Niedziela Palmowa- Sudan Południowy




Pozostaje jednak wołanie Jezusa, a także ludu Bożego … uchodźców …nie widzącego w pełni bliskości i miłości Boga … „Boże mój, Boże mój czemuś mnie opuścił”(Ps 22:2). A przecież ten Bóg tak blisko obmywa nam nasze nogi w Liturgii Wielkiego Czwartku, daje nam się cały w Eucharystii .. i my też w tym dniu obmywamy nogi naszym uchodźcom (ale nie w tym roku). Czy możemy być obojętni na Miłość Boga, który obmywa nasze okaleczenia, rany, traumy ? … bo w Jego ranach jest nasze uzdrowienie (Iz 53:5). Ale to przecież nie koniec … jest jeszcze Niedziela Miłosierdzia.

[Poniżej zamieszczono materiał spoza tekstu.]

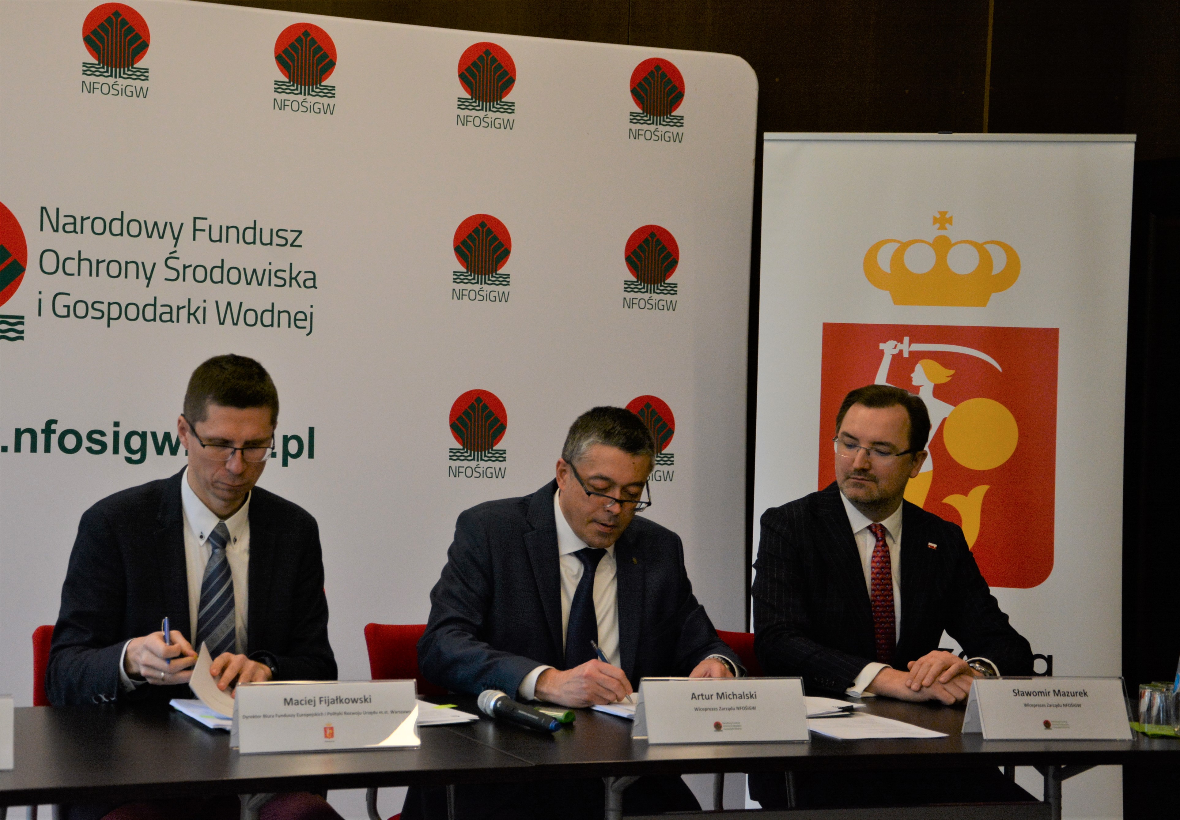 Umowa regulująca udzielenie wsparcia finansowego została podpisana 20 stycznia br. w siedzibie Narodowego Funduszu przez wiceprezesa zarządu NFOŚiGW Artura Michalskiego przy udziale wiceprezesa zarządu NFOŚiGW Sławomira Mazurka oraz dyrektora Biura Funduszy Europejskich i Polityki Rozwoju Urzędu m. st. Warszawy Macieja Fijałkowskiego.

Pamiatkowe zdjecie po chrzcie w Niedziele Milosierdzia ... wyglada, ze jeden dzieciak juz sie wyrywa do przodu  ... moze chce juz zostac Apostołem Miłosierdzia


W tym roku Wigilię Niedzieli Miłosierdzia, chcieliśmy szczególnie przeżywać z „małymi misjonarzami” z PDMD w strefie 1 Bidibidi w kaplicy św. Jana Bosco, a Niedzielę Miłosierdzia Bożego w strefie 2 Swinga z młodzieżą. Jak widać nasze plany zostały zatrzymane. Będziemy musieli się na chwilę zatrzymać jak to w Wielkim Poście (pójść nieco wolniej „lento”), może nawrócić i dostrzec nie tylko nasz plan, który może wydawał się najlepszy … a może jednak nie jest. Może Jezus chce nam coś szczególnego powiedzieć, abyśmy się nie bali jak Maryja, św. Józef a oddali się Jemu, który ma dla nas plan pełen miłości, abyśmy nie bali kochać się wzajemnie.

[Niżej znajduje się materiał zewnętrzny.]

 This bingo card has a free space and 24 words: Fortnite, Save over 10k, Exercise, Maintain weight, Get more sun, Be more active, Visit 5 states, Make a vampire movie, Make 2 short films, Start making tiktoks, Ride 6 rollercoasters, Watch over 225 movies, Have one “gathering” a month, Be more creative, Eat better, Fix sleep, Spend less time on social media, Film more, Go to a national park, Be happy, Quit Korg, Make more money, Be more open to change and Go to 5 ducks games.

Jak Prorok Izajasz mówi; „myśli moje nie są myślami waszymi ani wasze drogi moimi drogami – wyrocznia Pana. Bo jak niebiosa górują nad ziemią, tak drogi moje nad waszymi drogami i myśli moje nad myślami waszymi.” (Iz 55:8-9)
A jak Ty mój Przyjacielu, będziesz przeżywał przejście z ciemności do światła. Jak chcesz odpowiedzieć na Bożą Miłość ofiarowaną Tobie?